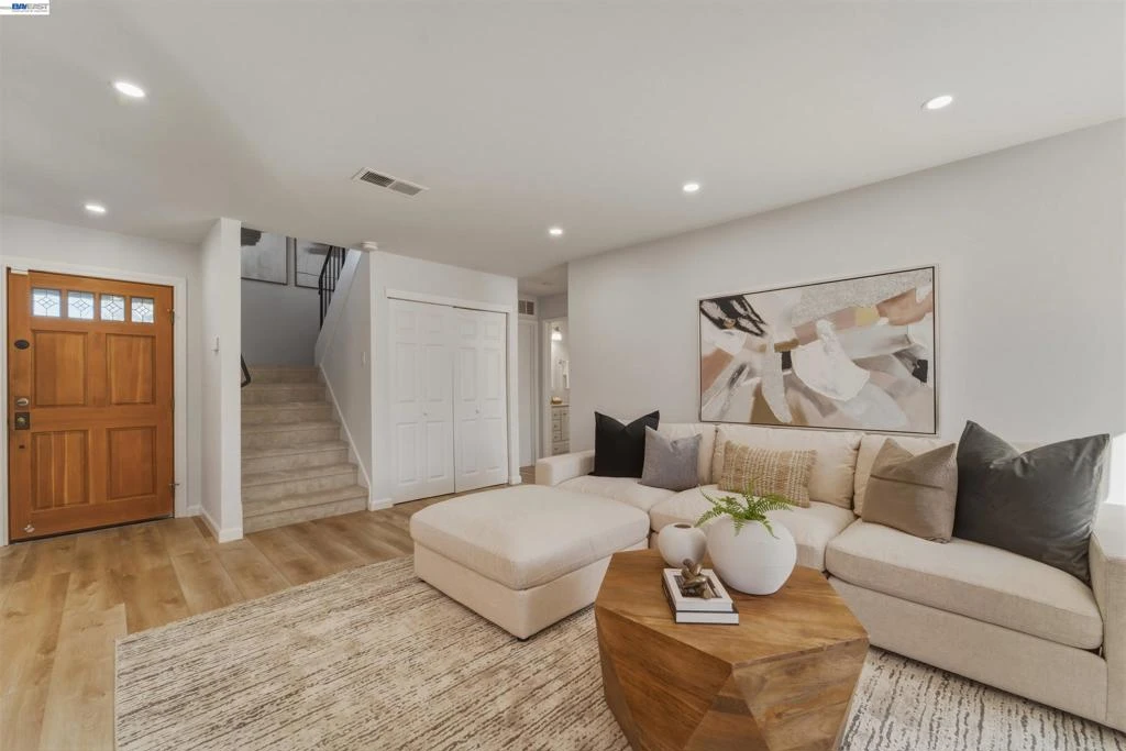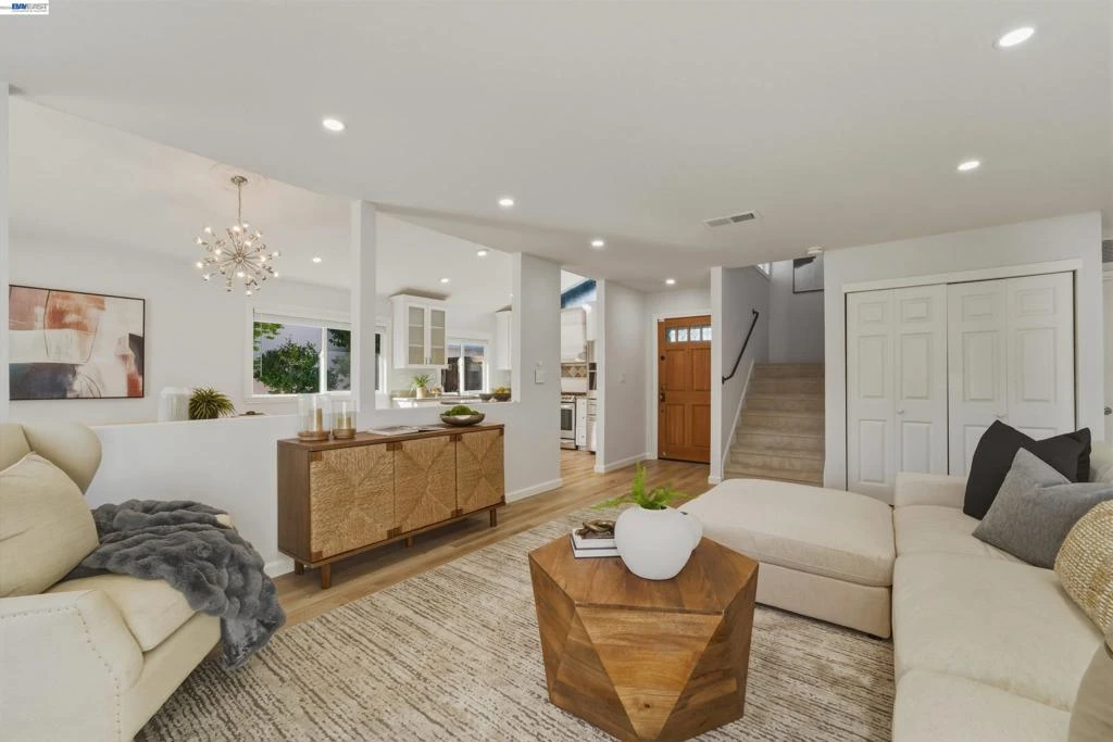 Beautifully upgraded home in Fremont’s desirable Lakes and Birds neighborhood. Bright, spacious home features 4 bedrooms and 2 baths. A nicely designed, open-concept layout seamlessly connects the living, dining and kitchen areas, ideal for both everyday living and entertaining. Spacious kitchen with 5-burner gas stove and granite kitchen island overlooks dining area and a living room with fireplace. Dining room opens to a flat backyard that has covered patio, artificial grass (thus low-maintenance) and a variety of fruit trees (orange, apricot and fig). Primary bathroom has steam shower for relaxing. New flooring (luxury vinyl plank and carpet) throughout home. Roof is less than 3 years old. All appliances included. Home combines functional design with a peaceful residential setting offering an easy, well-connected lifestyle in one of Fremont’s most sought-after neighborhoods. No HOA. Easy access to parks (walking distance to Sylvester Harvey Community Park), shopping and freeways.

━━━━━━━━━━━━━━━━

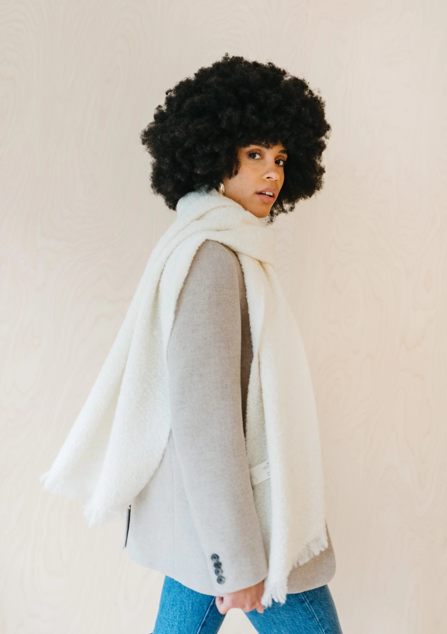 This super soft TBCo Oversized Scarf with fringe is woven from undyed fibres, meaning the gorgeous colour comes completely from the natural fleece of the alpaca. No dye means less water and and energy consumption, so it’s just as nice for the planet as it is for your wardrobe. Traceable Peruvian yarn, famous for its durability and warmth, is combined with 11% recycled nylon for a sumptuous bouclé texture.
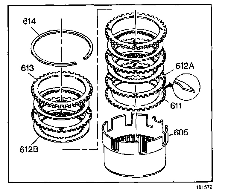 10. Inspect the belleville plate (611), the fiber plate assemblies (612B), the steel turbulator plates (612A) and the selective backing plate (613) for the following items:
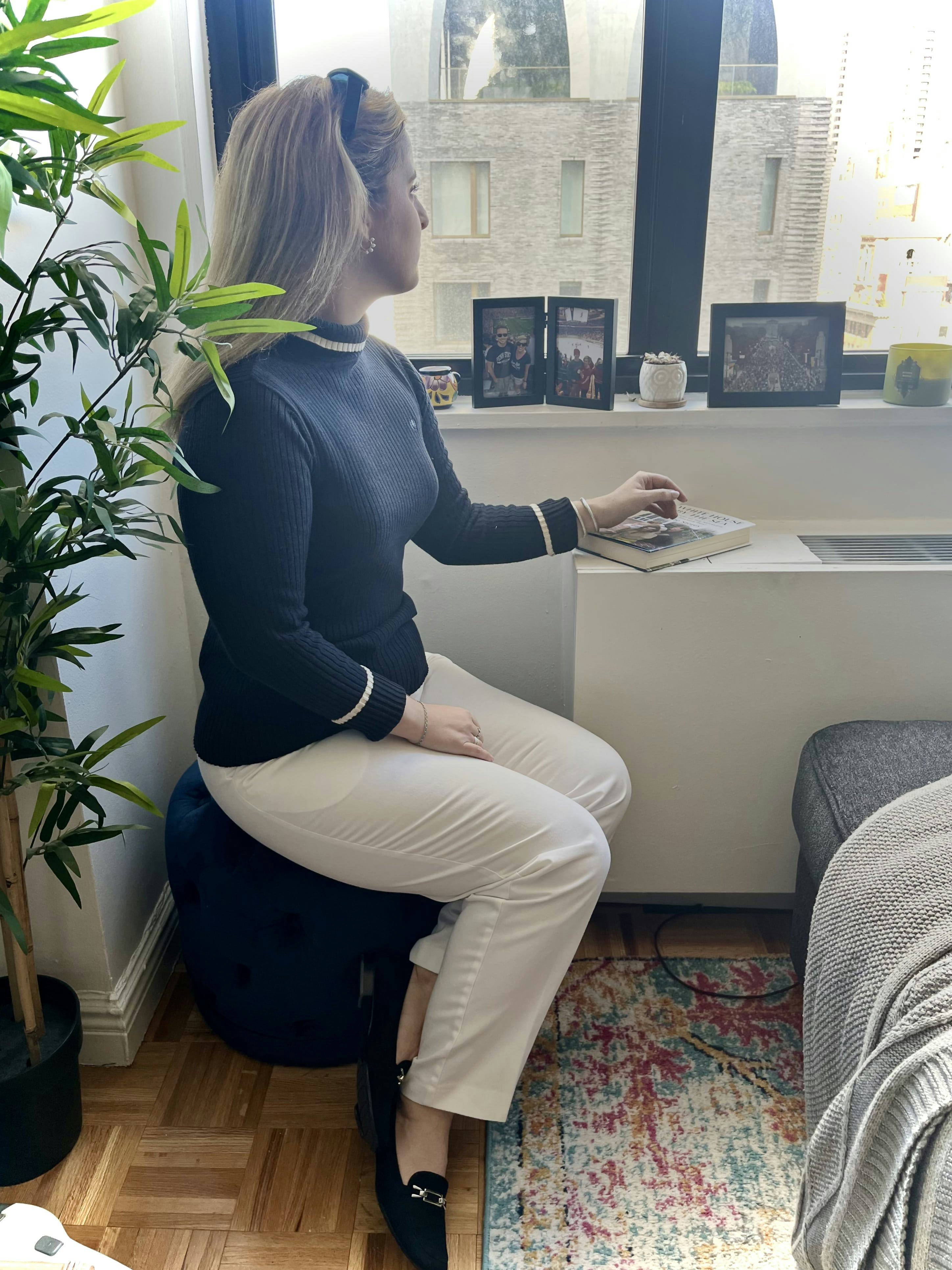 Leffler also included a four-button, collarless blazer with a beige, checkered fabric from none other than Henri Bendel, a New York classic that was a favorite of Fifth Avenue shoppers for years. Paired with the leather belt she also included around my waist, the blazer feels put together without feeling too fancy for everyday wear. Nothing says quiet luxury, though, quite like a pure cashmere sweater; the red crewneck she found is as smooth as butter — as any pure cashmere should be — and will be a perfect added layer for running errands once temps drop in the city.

━━━━━━━━━━━━━━━━

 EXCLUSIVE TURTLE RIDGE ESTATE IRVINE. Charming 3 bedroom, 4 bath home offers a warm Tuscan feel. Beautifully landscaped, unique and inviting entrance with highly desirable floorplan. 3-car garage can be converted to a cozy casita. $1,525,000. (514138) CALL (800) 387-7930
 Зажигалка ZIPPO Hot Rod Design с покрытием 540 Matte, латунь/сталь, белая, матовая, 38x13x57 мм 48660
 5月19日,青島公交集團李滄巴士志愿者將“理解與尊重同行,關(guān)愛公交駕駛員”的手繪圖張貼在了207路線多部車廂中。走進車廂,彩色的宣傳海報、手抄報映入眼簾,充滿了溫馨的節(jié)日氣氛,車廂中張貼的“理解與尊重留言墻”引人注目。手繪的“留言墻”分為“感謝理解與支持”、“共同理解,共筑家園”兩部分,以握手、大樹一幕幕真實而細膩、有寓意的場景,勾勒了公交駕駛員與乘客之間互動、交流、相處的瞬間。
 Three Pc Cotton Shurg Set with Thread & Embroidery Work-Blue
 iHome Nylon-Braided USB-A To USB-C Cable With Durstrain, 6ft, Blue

━━━━━━━━━━━━━━━━

## GOAL OF THE EXERCISE:
After locating "This super soft" and "10. Inspect the" in the records above, return exactly the line holding each one and every line between them; leave out the pictures.

## RESPONSE TO THIS TASK:
 This super soft TBCo Oversized Scarf with fringe is woven from undyed fibres, meaning the gorgeous colour comes completely from the natural fleece of the alpaca. No dye means less water and and energy consumption, so it’s just as nice for the planet as it is for your wardrobe. Traceable Peruvian yarn, famous for its durability and warmth, is combined with 11% recycled nylon for a sumptuous bouclé texture.
 10. Inspect the belleville plate (611), the fiber plate assemblies (612B), the steel turbulator plates (612A) and the selective backing plate (613) for the following items:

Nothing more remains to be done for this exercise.